INVESTIGADORES
VOJNOV Adrian Alberto
artículos
Título:
Rapid and sensitive detection of Citrus Bacterial Canker by loop-mediated isothermal amplification combined with simple visual evaluation methods.
Autor/es:
RIGANO L; MARANO MR; CASTAGNARO AP; ALEXANDRE MORAIS DO AMARAL; ADRIÁN A. VOJNOV
Revista:
BMC MICROBIOLOGY
Editorial:
BIOMED CENTRAL LTD
Referencias:
Año: 2010 vol. 10 p. 176 - 184
ISSN:
1471-2180
Resumen:
Abstract
Background: Citrus Bacterial Canker (CBC) is a major, highly contagious disease of citrus plants present in many
countries in Asia, Africa and America, but not in the Mediterranean area. There are three types of Citrus Bacterial Canker,
named A, B, and C that have different genotypes and posses variation in host range within citrus species. The causative
agent for type A CBC is Xanthomonas citri subsp. citri, while Xanthomonas fuscans subsp. aurantifolii, strain B causes type
B CBC and Xanthomonas fuscans subsp. aurantifolii strain C causes CBC type C. The early and accurate identification of
those bacteria is essential for the protection of the citrus industry. Detection methods based on bacterial isolation,
antibodies or polymerase chain reaction (PCR) have been developed previously; however, these approaches may be
time consuming, laborious and, in the case of PCR, it requires expensive laboratory equipment. Loop-mediated
isothermal amplification (LAMP), which is a novel isothermal DNA amplification technique, is sensitive, specific, fast and
requires no specialized laboratory equipment.
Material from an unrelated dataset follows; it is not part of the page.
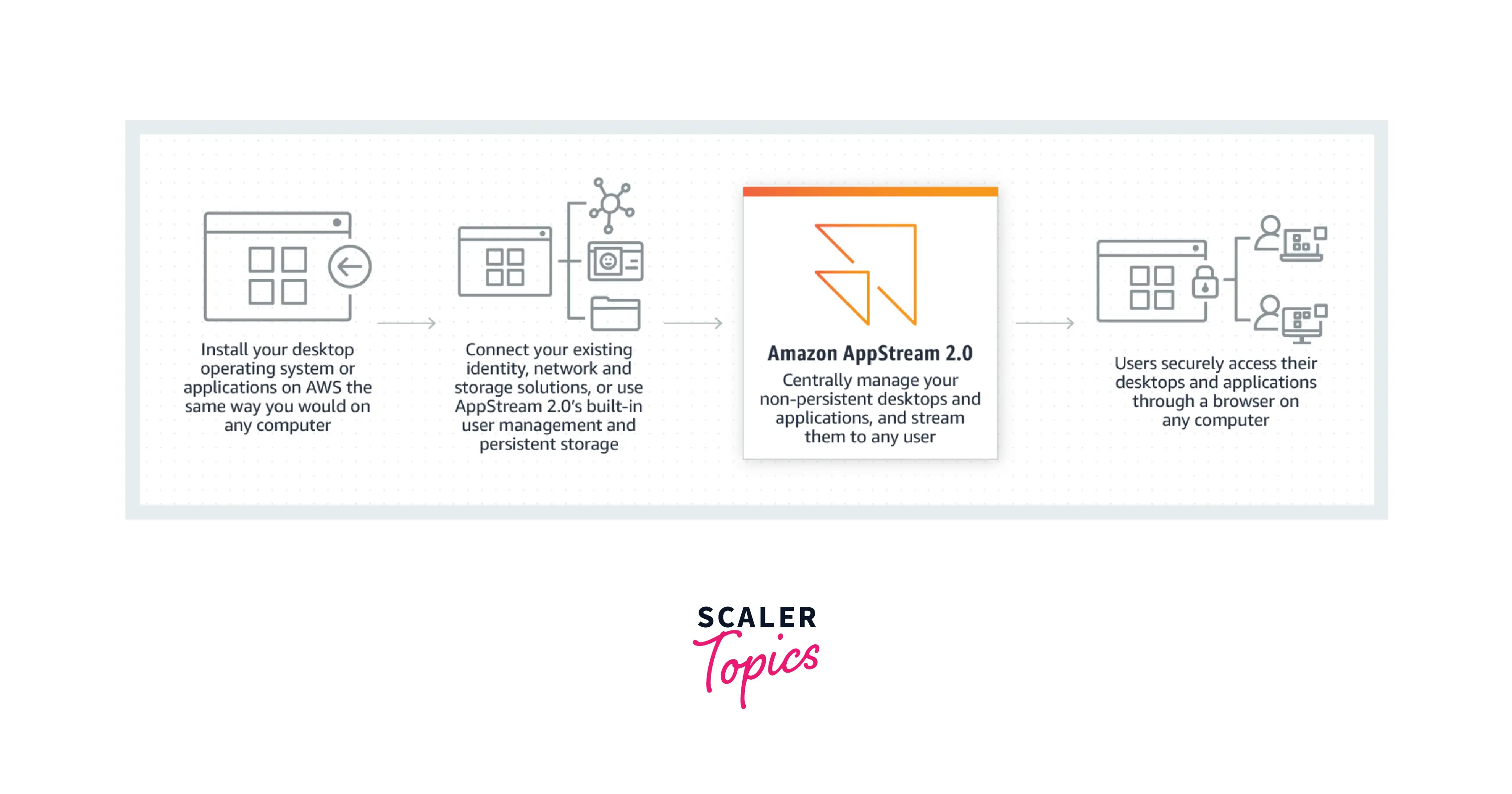 The working of AWS Appstream starts by simply installing the applications or the desktop operating systems on AWS the same way you shall do on any Windows computer. Then you need to connect the existing identity, network as well as storage either on-premises or on AWS. For this, you can also use the AWS AppStream 2.0 built-in user management and persistent storage.
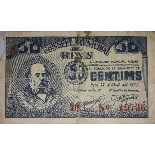 CONSELL MUNICIPAL DE REUS 50 CÈNTIMS BITLLET DE CIRCULACIÓ OBLIGATORIA EN TOTA LA JURISDICCIÓ MUNICIPAL (Translation: Municipal Council of Reus 50 Centimos Mandatory circulation banknote in all the Municipal Jurisdiction) |

Results: A loop-mediated isothermal amplification assay for the diagnosis of Citrus Bacterial Canker (CBC-LAMP) was
developed and evaluated. DNA samples were obtained from infected plants or cultured bacteria. A typical ladder-like
pattern on gel electrophoresis was observed in all positive samples in contrast to the negative controls. In addition,
amplification products were detected by visual inspection using SYBRGreen and using a lateral flow dipstick,
eliminating the need for gel electrophoresis. The sensitivity and specificity of the assay were evaluated in different
conditions and using several sample sources which included purified DNA, bacterium culture and infected plant tissue.
The sensitivity of the CBC-LAMP was 10 fg of pure Xcc DNA, 5 CFU in culture samples and 18 CFU in samples of infected
plant tissue. No cross reaction was observed with DNA of other phytopathogenic bacteria. The assay was capable of
detecting CBC-causing strains from several geographical origins and pathotypes.
Conclusions: The CBC-LAMP technique is a simple, fast, sensitive and specific method for the diagnosis of Citrus
Bacterial Canker. This method can be useful in the phytosanitary programs of the citrus industry worldwide.